Multi-sensor integration

Different sensors have different characteristics, and are sensitive to different kinds of obstacles. There are 2 basic approaches to fusing data from multiple sensors:

  1. Execute the algorithm with different sensor modalities, replacing the inverse sensor model accordingly.
    1. This causes the result of Bayes filtering to be ill-defined.
  2. Build separate maps for different sensor types, and integrate them using the most conservative estimate.

2 is the more appropriate approach.

Inverting the Measurement Model

The occupancy grid mapping algorithm requires a marginalized inverse measurement model: \(p\left(\mathbf{m}_{i} | x, z\right)\).
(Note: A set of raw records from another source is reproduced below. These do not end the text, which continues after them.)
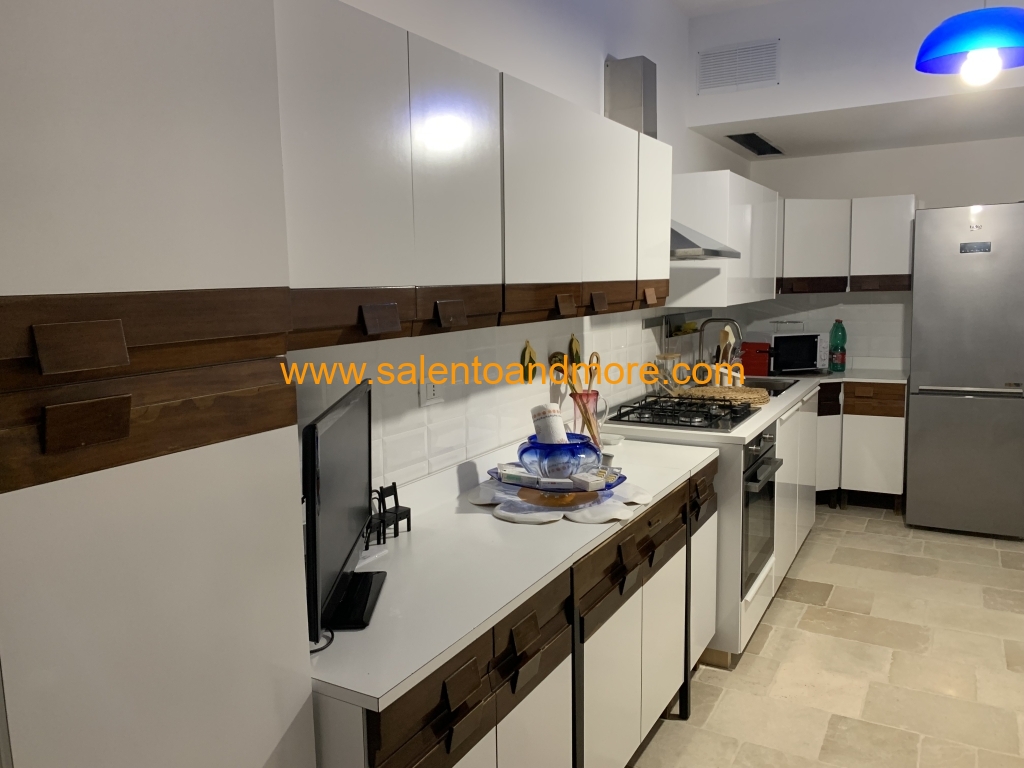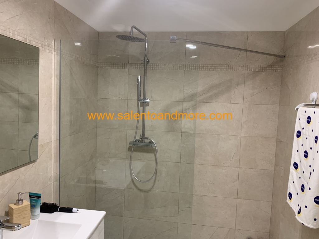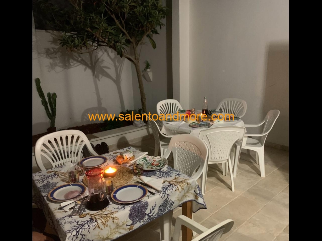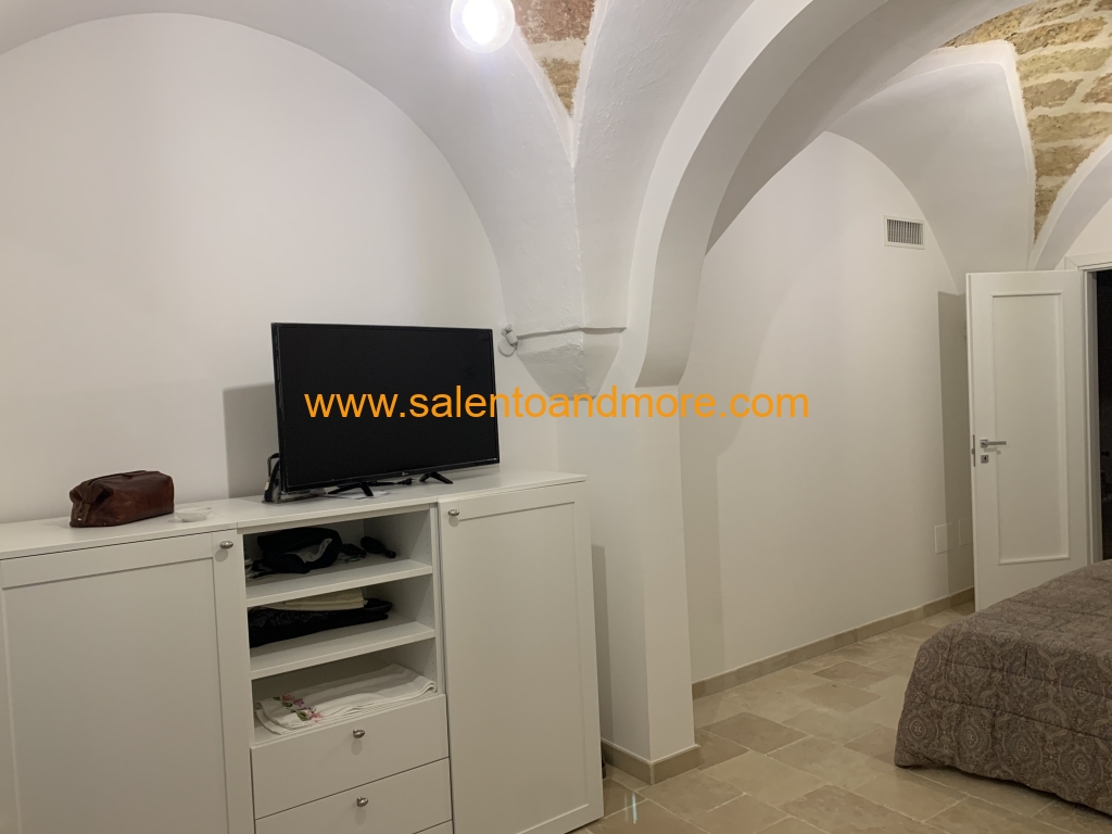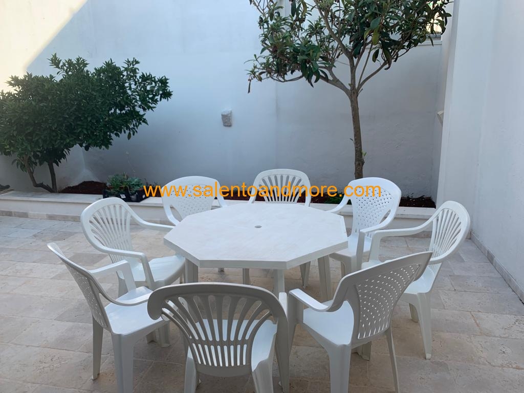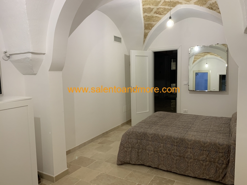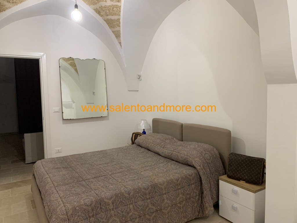 Questo alloggio per ferie nel centro di Salve comprende un'ampia stanza da letto matrimoniale voltata a stella con poltrona letto e piccolo bagno personale e un open-space soppalcato dotato di secondo letto matrimoniale con bagno personale. Questo grazioso alloggio si trova a 4 km dal mare (località Pescoluse le Maldive del Salento).
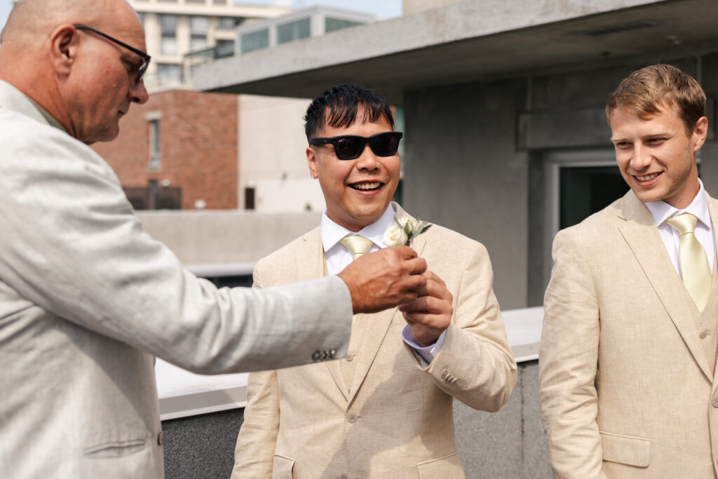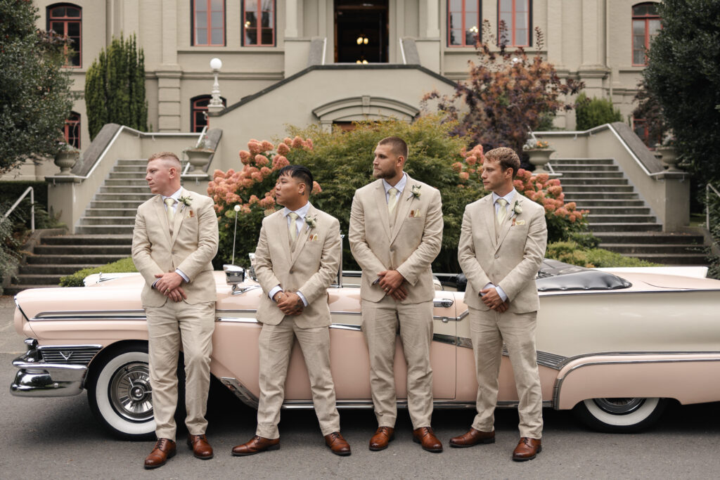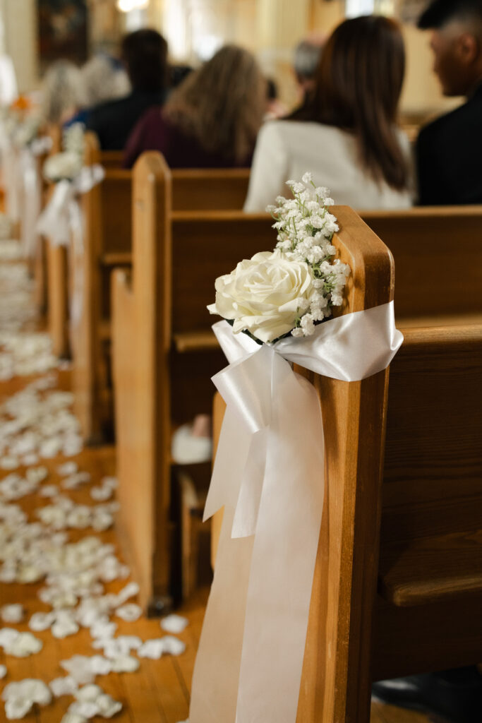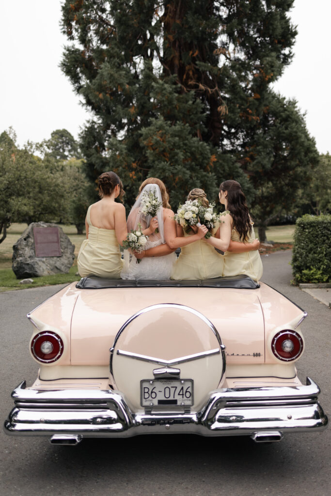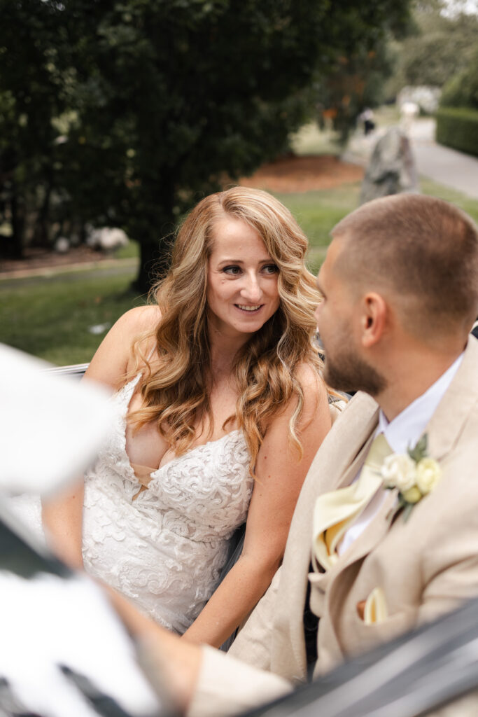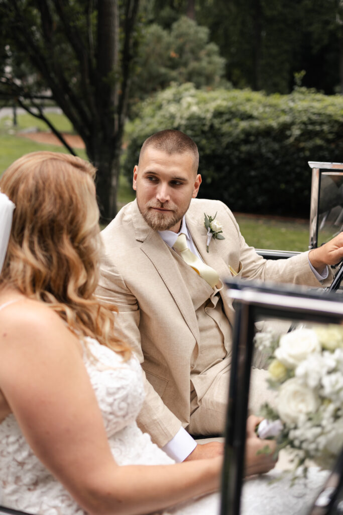 After the ceremony, the newlyweds celebrated with a champagne toast, followed by outdoor portraits in front of the cathedral. They even got photos in a vintage wedding car, adding a touch of classic charm to their photos.
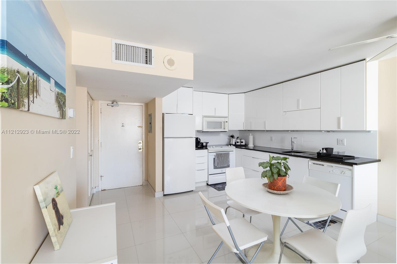 Beautiful ocean views from this attractively renovated 1 bedroom 1 bathroom condo with oversized balcony in oceanfront South of Fifth Street location on the sand. Great quality and design- your perfect beach home: Modern white porcelain floors throughout, bright open kitchen with white cabinetry and granite countertops, redesigned bathroom w/large shower w/glass doors, impact windows, smoothed ceilings and more. All in the best south beach location on the ocean with heated pool and low monthly fees that include cable, internet, 24 hr security, oceanfront community room etc. Perfect home or investment. Available with or without great long-term tenant. (The unit next door is currently for sale- an opportunity to purchase units side by side and combine).
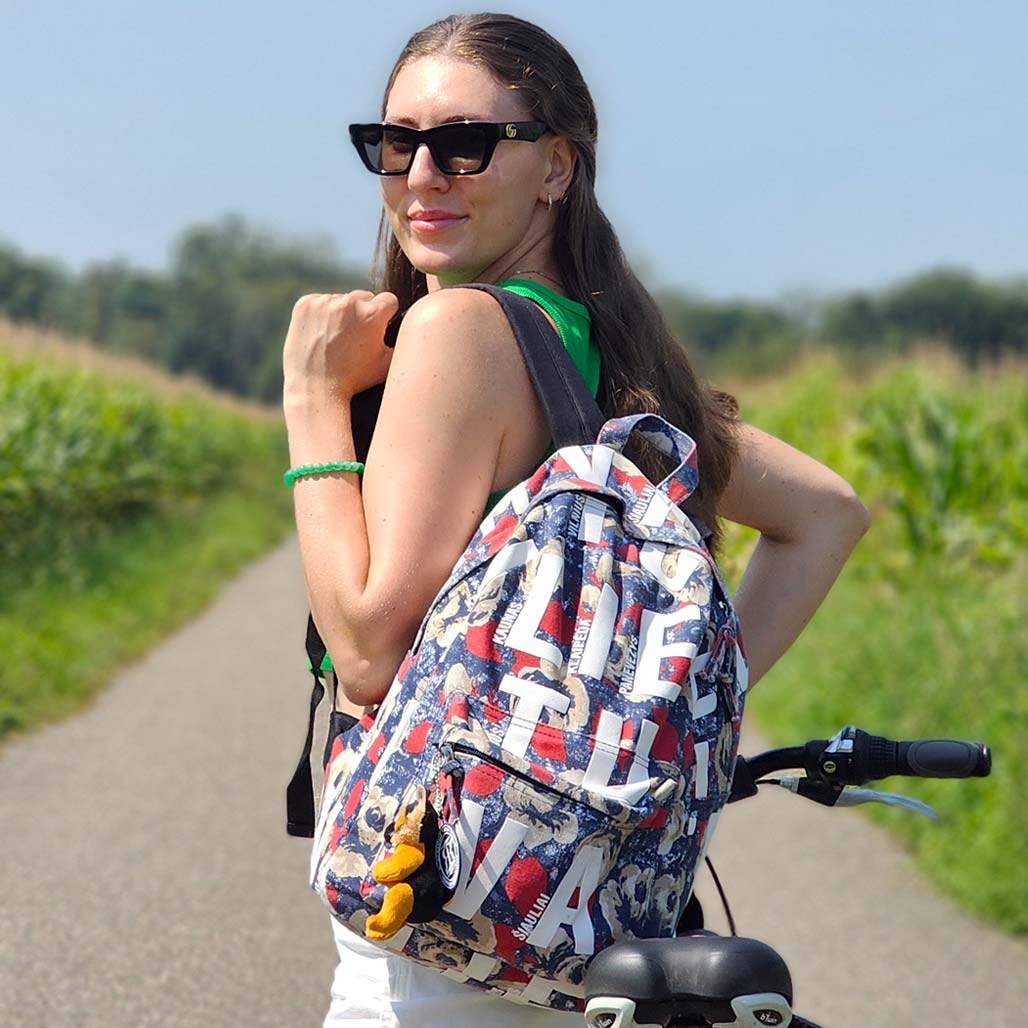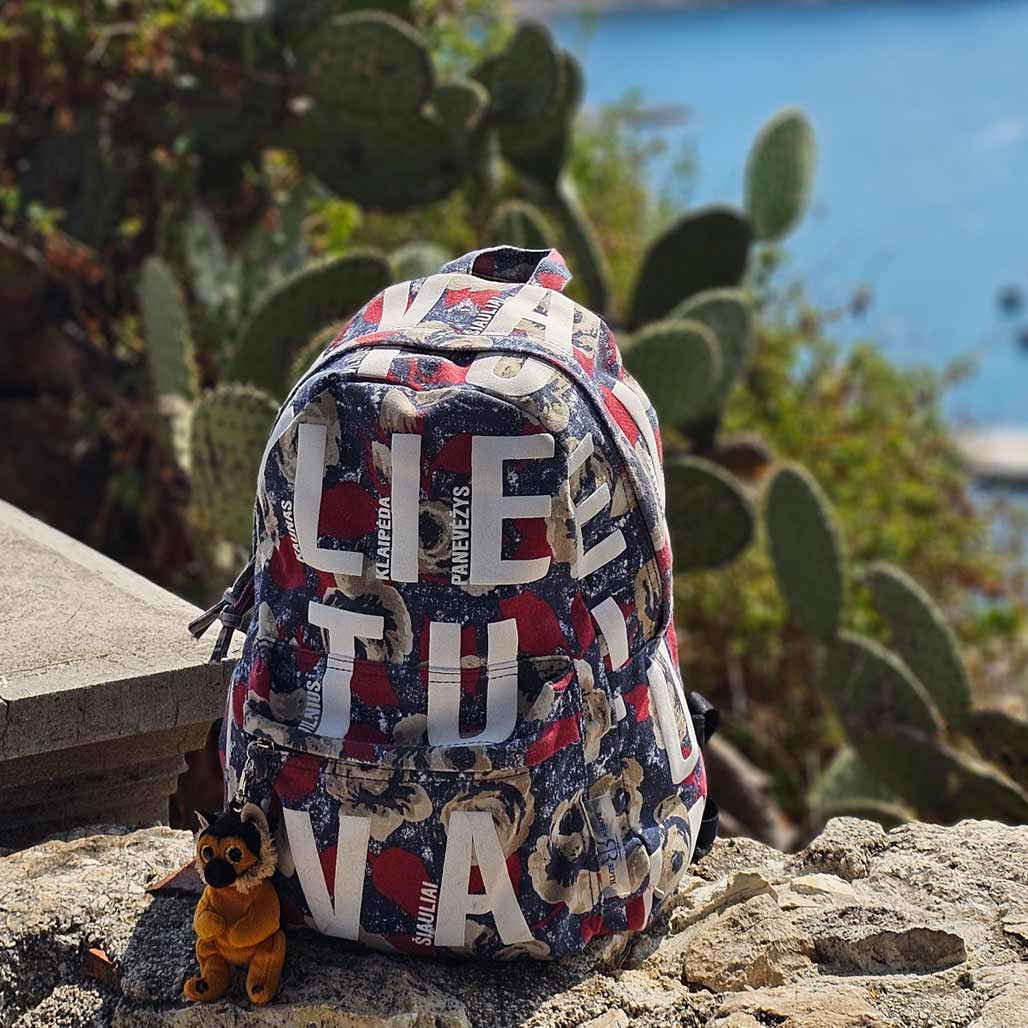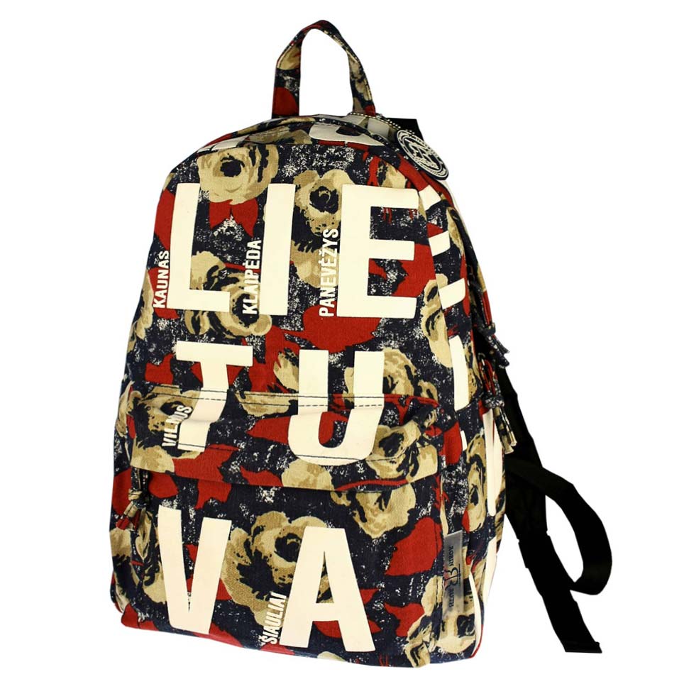 Gėlėta laisvalaikio kuprinė su užrašu „LIETUVA“ ir Lietuvos miestų pavadinimais – modernus ir išskirtinis aksesuaras kelionėms, miestui ir kasdieniam naudojimui. Kuprinė dekoruota didelėmis LIETUVA raidėmis ir tokių miestų kaip Kaunas, Klaipėda, Panevėžys pavadinimais, kurie suteikia dizainui aiškų lietuviškos atributikos identitetą. Gėlių raštas kartu su kontrastingomis spalvomis sukuria stilingą ir lengvai atpažįstamą vizualą.

It is termed “inverse” because it reasons from effects to causes.

We can do so by using Bayes rule, assuming \(p(m|x) = p(m)\):

\begin{aligned} p(m | x, z) &=\frac{p(z | x, m) p(m | x)}{p(z | x)} \ &=\eta p(z | x, m) p(m) \end{aligned}

However, the occupancy grid mapping algorithm approximates the posterior over maps by its marginals, so the inverse model for the ith grid cell is obtained via:

\begin{equation} p\left(\mathbf{m}_{i} | x, z\right)=\eta \int_{m: m(i)=\mathbf{m}_{i}} p(z | x, m) p(m) d m \end{equation}

Which is impossible to compute given the large space of all maps. It is often approximated via sampling. One simple way is to generate random triplets of pose, measurements and map occupancy values for any grid cell \(m_i\). From which we can learn a simple network to predict occupancy values.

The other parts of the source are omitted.